На острове олени «пасутся вольны, не хранимы». Лопарь – оленевод по влечению, по любви. Нет ничего трогательнее обращения лопаря с оленем: он не только никогда не ударит оленя, не обругает его, – он даже не повысит голоса, не поворчит на него, только посетует, повздыхает около олешка: «Ну ты, важенка…» И только беззащитность лопарей от спаивания их колянами, от посягательств переселенных в Лапландию зырян-ижемцев на лучшие пастбища – причиной, что оленеводство уходит от лопаря.
От двух-трех рюмок лопарь хмелеет и тогда, как опоенное водкой дитя, готов пропить даже своего любимца и друга – оленя.
Но на Оленьем острове любо-дорого глядеть на оленей: их не пропьют здесь.
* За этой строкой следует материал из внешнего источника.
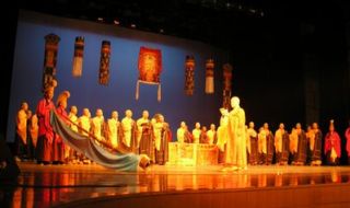 第三,创作手法的多元构成了和谐。如中国传统手法:我们可以清晰地听到广为流传的传统作品多段体表现手法的熟练运用。西洋手法:作品运用交响曲大乐章结构以及丰富的和声色彩善于表现戏剧性效果的优势,充分表现了宏大场景。现代手法和创新手法的巧妙运用:唱中有念,唱中有说,声乐器乐交替,声中有器,器中有声,互相应和,结构自由。
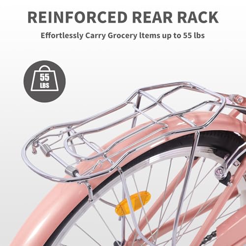 - Practical Accessories: Featuring a spacious rear carrier and a stylish front basket, our women’s bicycle is designed to carry your daily essentials with ease. From groceries to your favorite purse, everything has its place

Хозяин зовет нас в вежу. Но эта вежа не та, что в горах: она просторна, чиста; нижний сруб у нее их хороших бревен; в ежу ведет деревянная наклонная дверца на петлях; стены вежи из тонких досок, жердей и прекрасной толстой бересты и коры. Внутри вежи земляной пол густо устлан свежими еловыми ветвями. Блестит в углу лопарское сокровище – самовар. Маленькая девочка играет с зябкой, худенькой кошкой. Чисто и тепло.
Посидев у хозяев, мы идем к оленям. Из-за сосновых стволов, из-за пушистых и широких еловых лап тянутся высокие, широковетвистые рога, смотрят умные, почти человечьи по грусти и нежности глаза. Это олени, бежавшие в загон, увидели нас и боятся идти. Загон – это сарай из тонких стенок, устроенных из шестов, бересты и еловых ветвей и с такой же крышей. В нем спасаются олени в жаркое время от комаров, доводящих оленей до такого исступления, что они с налитыми кровью глазами бросаются в озеро, в реку, куда попало, лишь бы спастись от комаров.
Лопари смешливы, но это не смех болезненный, неестественный, это смех дитяти. Не могу представить себе лопаря без улыбки на его лице, без смеха, срывающегося с его губ. Упустить жонка-ямщик весло в воду, дело плохое: лови весло по неспокойному озеру; русский бы выругался, рассердился, закричал – лопарь смеется сам же над собой. Для лопарей надо переделать русскую пословицу: не чужую, а свою беду руками разведу. И как ребенок же, лопарь пуглив: именно не труслив, а пуглив: легко испугается пустяка – немного громкого вскрика, простой шутки, невпопад брошенного слова, а вот плыть на плохом, дырявом карбасе по бурной Имандре, пойти с плохим ружьишком на медведя – этого он не боится.
На северном конце Имандры лежит станция Разноволоцкая. Простились мы с нашими жонками-ямщиками, с дедом и с его верным Лопиным, переночевали – т опять в путь.
Озеро за озером проплываем мы на карбасе. На волоках между озерами, по темным тайболам{16} идем пешком. Припасы наши все вышли, осталось немного черного хлеба. Медик решает заняться рыболовством.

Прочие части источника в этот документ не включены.